Heck, they did it on Nov. 24, 2005, including two future stars, shortstop Hanley Ramirez and right-hander Anibal Sanchez, in a seven-player deal with the Marlins that brought Josh Beckett and third baseman Mike Lowell to Boston – and, ahem, helped the Sox win the 2007 World Series.
Bogaerts would be the Ramirez of this deal. Right-hander Allen Webster or some other pitching prospect could be Sanchez. Lee would be Beckett, and – is this perfect? – Phillies third baseman Michael Young could be Lowell.
Alas, the Red Sox won’t make such a trade, even though I’m betting that the Phillies would agree in a heartbeat.
Teams value prospects like never before, hoarding them more and more each year. The game is skewing younger, thanks to drug testing. And the restrictions on both domestic and international amateur spending only add to the difficulty of acquiring young talent.
Well, how about winning the Series?
Isn’t that supposed to be the idea?
The Sox boast the sixth-best farm system in the majors, according to Baseball America. They’re in a dogfight with the Rays and Orioles in the AL East. Lee, 34, could prove the difference in that race, and potentially in the postseason as well.
I know what you’re thinking – why focus on the Red Sox? Why not make the same argument with the Cardinals, a contender that possesses even more young talent than the Sox, though is less of a financial powerhouse?
Because, according to sources, the Red Sox are the team most active in discussions with the Phillies heading toward the non-waiver deadline at 4 p.m. ET Wednesday.
And because the Cardinals, while engaged in a struggle with the Pirates and Reds in the NL Central, actually might be deep enough in young pitching to win the Series without Lee - a debatable point, I know.
Oh, the Cardinals could afford Lee, plugging his $25 million salary through 2015 into the slots currently held by two potential free agents, right-hander Chris Carpenter and right fielder Carlos Beltran.
Still, this is a team that reached the National League Championship Series last season after losing first baseman Albert Pujols (not to mention manager Tony La Russa and pitching coach Dave Duncan). General manager John Mozeliak has traded only one highly regarded prospect since taking over as GM in October, 2007, infielder Brett Wallace in the Matt Holliday deal.
You can argue that the addition of Lee would make the Cardinals the favorites to win the Series. But taking on mammoth salaries, trading elite prospects such as right-hander Michael Wacha – that just isn’t the Cardinals’ style.

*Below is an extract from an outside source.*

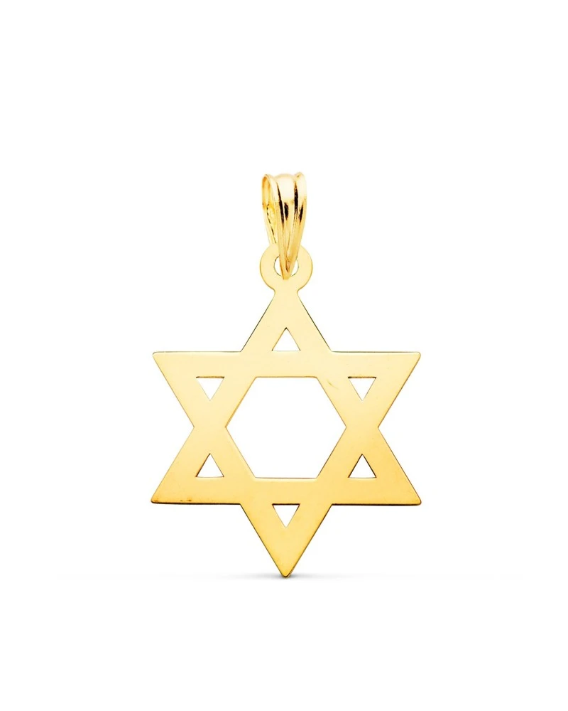 18K COLGANTE ORO AMARILLO ESTRELLA DE DAVID BRILLO 22 X 17 MM
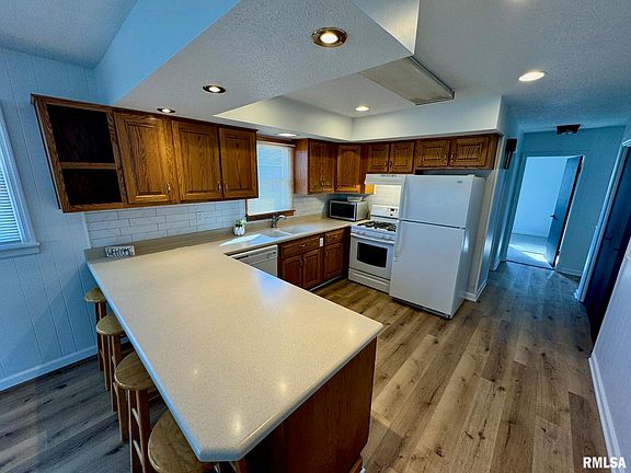 This home has it all. Beautiful three bedroom with potential for four, 1.5 bath ranch home! Living room in the front of the home and family room in the back with gorgeous brick gas fireplace. Open concept family, dining, kitchen area. Luxury vinyl plank throughout. Third living room space could be used as fourth bed-it does have a closet. Kitchen appliances stay as well as the washer and dryer. Nice two car attached garage. Concrete drive. Concrete patio. Large 100 x 150 lot. Detached 24 x 32ft. garage with two garage doors, heated. Don't miss out!

The Red Sox, of course, don’t want it to be their style, either. Every high-revenue team but the Dodgers, it seems, wants to be just like the Rays, spitting out youngsters, drawing praise for their shrewd management.
Yankees GM Brian Cashman seems to hate every high-priced acquisition his team makes, wishing he could be the Athletics’ Billy Beane. And the Sox’s Ben Cherington has spoken repeatedly about striking a balance between trying to win now and nurturing the team’s young.
The Red Sox cleared more than $260 million in their blockbuster with the Dodgers last season to seize this very moment. Lee has about $70 million remaining left on his contract, but actually would fit the Sox’s newfound preference for shorter-term, higher-dollar deals. The Sox also can demand that the Phillies give up third-base prospect Cody Asche in a larger trade and/or include significant cash – the latter to reduce ownership’s burden and satisfy all of the bean-counting media analysts.
Lee, a native of Benton, Ark., is nine years older than Beckett was in 2005 – no small consideration. But Lee has proven that he can handle a demanding East Coast market by succeeding in Philadelphia, and almost certainly would waive his no-trade clause to Boston for the chance to win a Series (he lost with the Phils in 2009 and Rangers in ‘10).
Sox manager John Farrell knows Lee well – he was the Indians’ farm director when the pitcher was rising through the Cleveland farm system. Oh, and keep this in mind: There will be no better option than Lee in the upcoming free-agent market.
Of course such a trade would be painful for Boston; Bogaerts, 20, indeed looks like the real thing. The Sox, in fact, regard him perhaps even more highly than they did Ramirez in Nov. 2005. Ramirez, even in his youth, sparked makeup questions. Bogaerts, a native of Aruba, speaks four languages, “lights up a room,” according to Farrell.
The kid is wonderful. The kids are always wonderful. But winning a World Series is wonderful, too – yes, even more wonderful than rising to the top of Baseball America’s organizational talent rankings.
The Sox won’t do it. They should.
Hanley Ramirez for Josh Beckett. Xander Bogaerts for Cliff Lee.